Doch als sie den Turm betraten sahen sie, dass Malquin sich an einem der Dachbalken erhängt hatte und tot war.
Erschrocken liefen sie ins Dorf zurück und berichteten was geschehen war. Schuldbewußt schauten sie sich alle an, und wussten nicht, was sie sagen sollten. Und wohin sollten die Steinfiguren?
Als es Abend wurde, machten sie sich auf den Weg ins Wirtshaus, denn es war eine Versammlung einberufen worden. Auf dem Weg dahin kamen sie unweigerlich an Malquins Figuren vorbei, und es war ihnen mit einem Mal so, als würden diese plötzlich sprechen können: „Er war so einsam“, schienen die Engel zu flüstern, „ Er sehnte sich nach Liebe“, sprach die Jungfrau. „Er war ein guter Mann“, meinte man vom Krieger zu hören, „ Er war unser bester Freund“, riefen das Einhorn und der Pegasus.
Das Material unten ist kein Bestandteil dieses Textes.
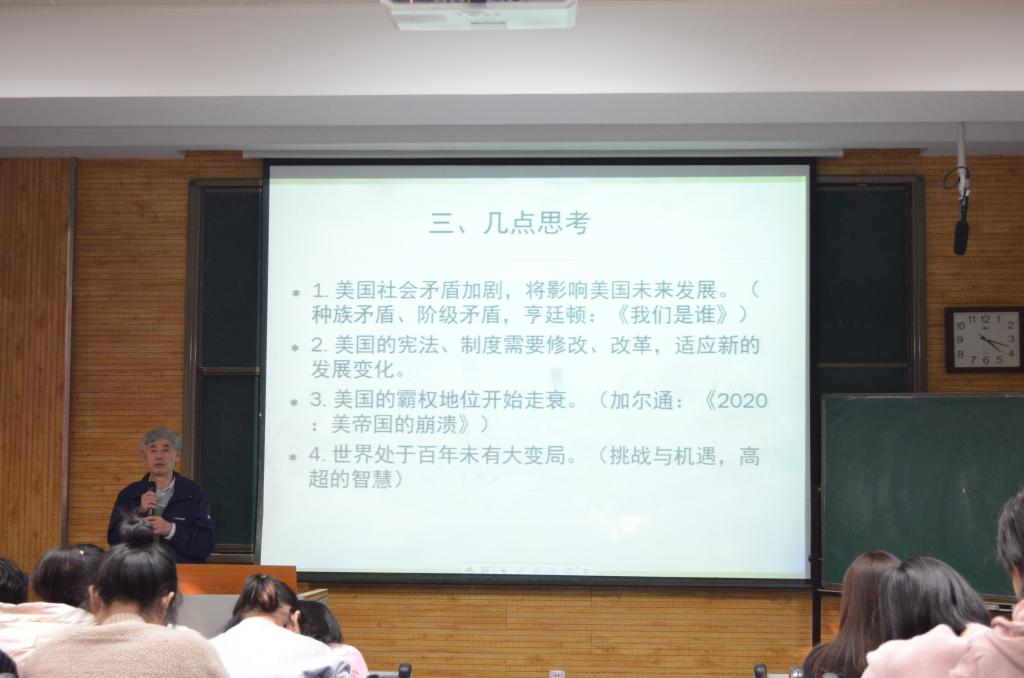 在互动环节,几位同学就“美国大选”和“美国制度”等问题向白建才进行提问,白建才一一做出了有针对性的解答,提问同学均表示受益颇多。

Die Dorfbewohner fingen an, ihr abweisendes Verhalten zu bereuen, und langsam begriffen sie, wie sehr Malquin unter ihrer Ablehnung gelitten hatte. „Aber was können wir jetzt noch tun?“ fragten sie sich. Lange berieten sie, keiner wollte das Gasthaus als erster verlassen und die Nacht war schon weit fortgeschritten, als sie endlich nach Haus gingen.
Am nächsten Tag holten sie Malquins Leiche aus dem Turm und begruben ihn auf dem Dorffriedhof. Ein Handwerksbursche schaffte einen Grabstein herbei, in den er mehr recht als schlecht eingemeißelt hatte: „Hier ruht Malquin, der Freund der Steine. Er war ein großer Künstler, ein guter Mann und ein einsamer Mensch. Möge er in Frieden ruhen.“
Danach trugen sie sämtliche Steinfiguren auf einem Stück Wiese hinter seinem Grab zusammen, damit Malquin von seinen Freunden umgeben war.
Und jede Nacht geht seitdem einer aus dem Dorf zu Malquins Grab, zündet alle Kerzen des Steinbaumes an und bleibt ein paar Minuten unter ihm sitzen, um Malquin wenigstens jetzt ein wenig Gesellschaft zu leisten.